Starting from Jonathan Lewis' test case "Discrete Dangers" on page 126 of his book "Cost Based Oracle",
we have investigated (and illustrated with graphs) the CBO cardinality estimation algorithm for range-based predicates:
select x from t where x > low_x and x < high_x (open , open )
select x from t where x >= low_x and x <= high_x (closed, closed)
select x from t where x > low_x and x <= high_x (open, closed)
select x from t where x >= low_x and x < high_x (closed, open)
template:
select x from t where x #low low_x and x #high high_x
#low in (">", ">=")
#high in ("<", "<=")
when column x has no associated histogram.
Letting
min_x = min (x) over all rows
max_x = max (x) over all rows
B = (max_x - min_x) / num_distinct (Band width)
and defining
left band : min_x < x < min_x + B
central region : min_x + B < x < max_x - B
right band : max_x - B < x < max_x
we have seen that
For ranges completely contained in one of the two bands
min_x <= low_x < high_x <= min_x + B
or max_x - B <= low_x < high_x <= max_x
the cardinality can depend on both low_x and high_x, only low_x, only high_x, or none (= constant), depending on the value of #low and #high, in a somewhat counterintuitive way.

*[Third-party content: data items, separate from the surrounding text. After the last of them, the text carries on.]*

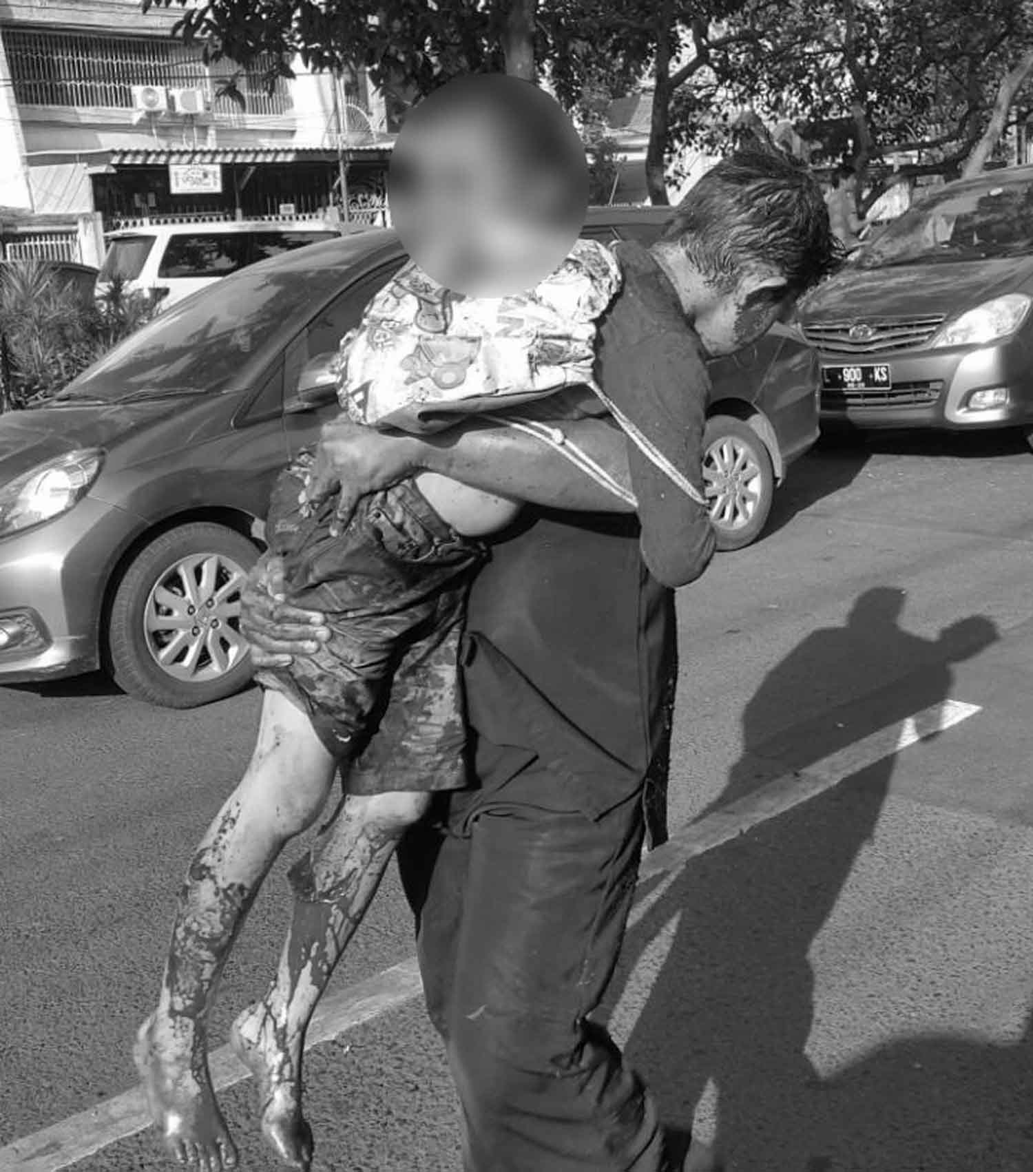 Salah seorang warga berupaya menyelamatkan bocah yang terkena ledakan bom di salah satu gereja.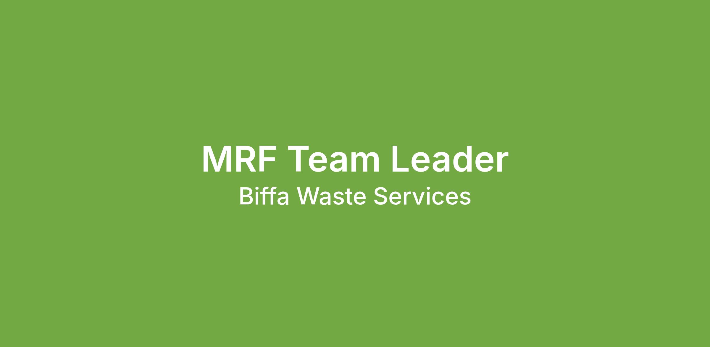 MRF Supervisor - Rotherham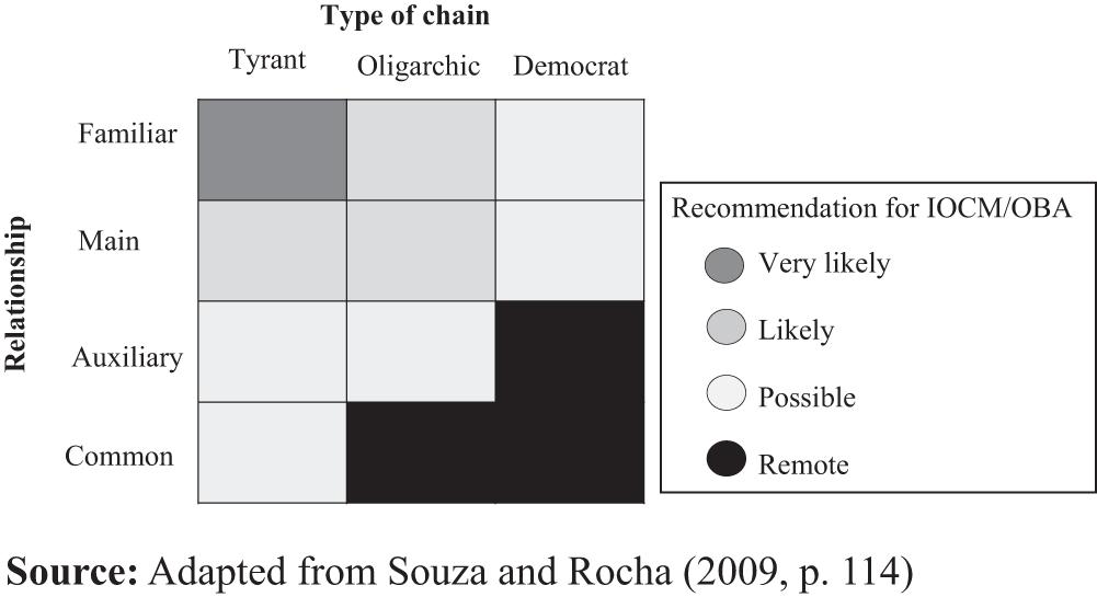 Concerning this phenomenon, Souza and Rocha (2009) – although without clearly mentioning the automotive sector – note that the type of chain (tyranny, oligarchy and democracy) in which the company is inserted allows to verify higher or lower probability of IOCM application and, consequently, OBA. Practicing both processes is more feasible in tyrant or oligarchic chains, because of their main characteristics. In these types of chains, the tyrant or oligarchic company may address such processes. Therefore, the more the company presents characteristics similar to the chain of tyranny, the more likely and viable will be the application of the IOCM and the OBA.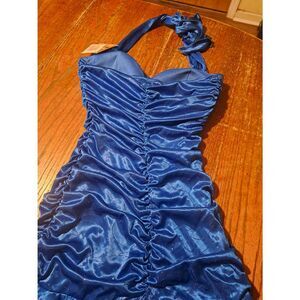 New with tags attached. Womens size small Ruby Rox blue and metallic sleeveless bodycon dress. Features halter neck tie, lightly padded bust, lining, and ruched detailing. Perfect for special occasions including holiday parties, weddings, New Year's, homecoming, prom, cruises, and cocktail events. Style number 1-R-S-R-4-1-6-7-I. Fabric content is 100% polyester.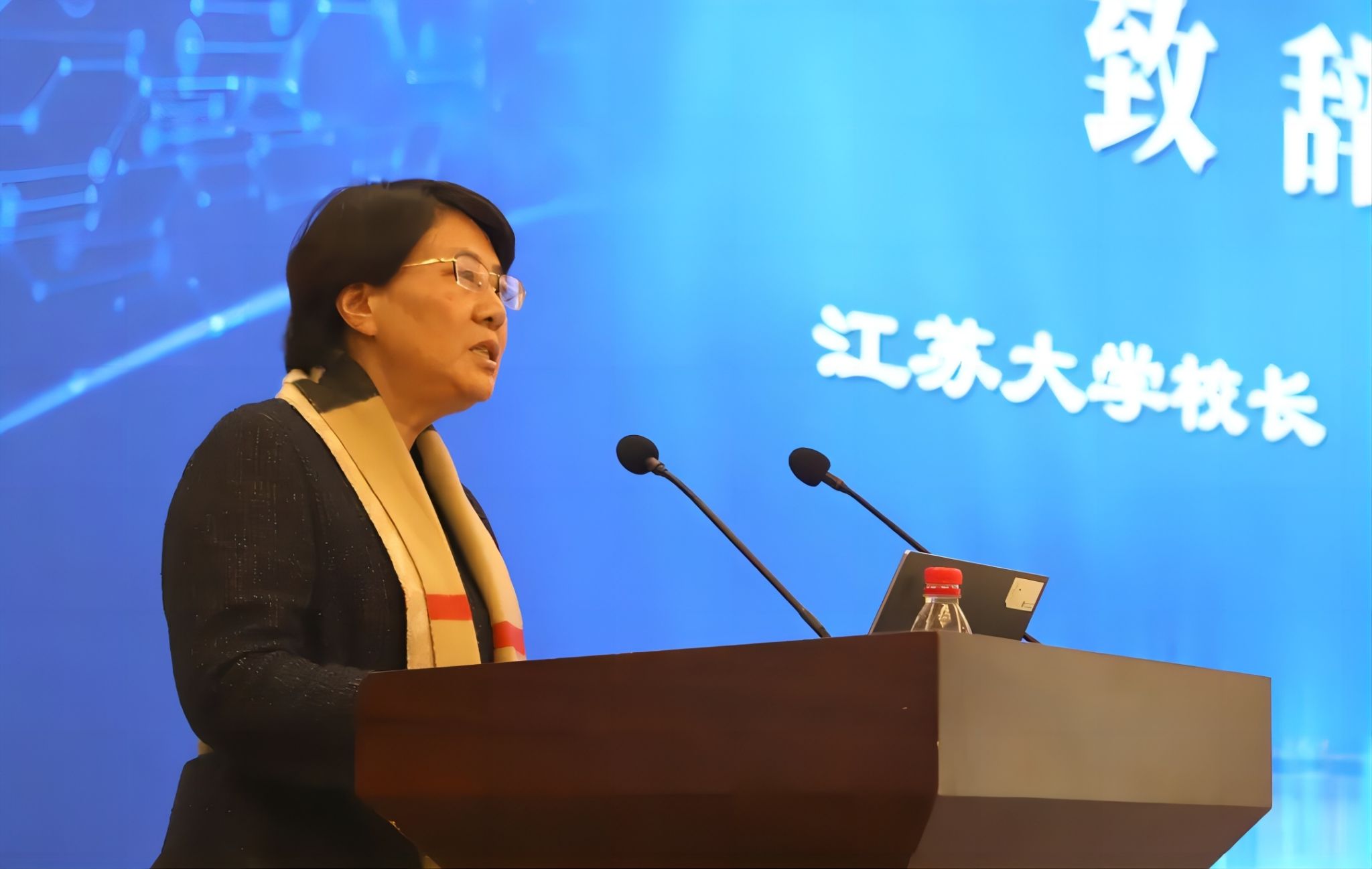 校长邢卫红在集成电路学院成立仪式上致欢迎辞,代表学校对各位领导、专家的到来表示欢迎,对集成电路学院的成立表示祝贺,对各合作共建单位表示感谢。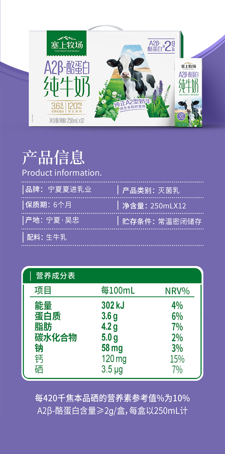 塞上牧场A2β-酪蛋白纯牛奶 250ml×12盒

We have found the relevant formulae.
In all the other cases, a slightly modified (modifications underlined) version of Jonathan Lewis' "standard formula" applies:
cardinality = num_rows * (high_x_effective - low_x_effective) / (max_x - min_x)
+ num_rows * correction_for_or_equal_operators
- num_rows * correction_for_special_case
if #low = ">=" and low_x inside the left band then
low_x_effective = min_x + B
else
low_x_effective = low_x
end
if #high = "<=" and high_x inside the right band
high_x_effective = max_x - B
else
high_x_effective = high_x
end
correction_for_or_equal_operators = 0
+ 1/num_distinct if #low = ">="
+ 1/num_distinct if #high = "<="
correction_for_special_case = 0
+ 1/num_distinct if low_x = min_x and #low = ">"
+ 1/num_distinct if high_x = max_x and #high = "<"
We have also graphically illustrated, hopefully for a better intuitive understanding, the case of selection over both an infinitesimal and a finite range for the (open,open) and (closed, closed) cases.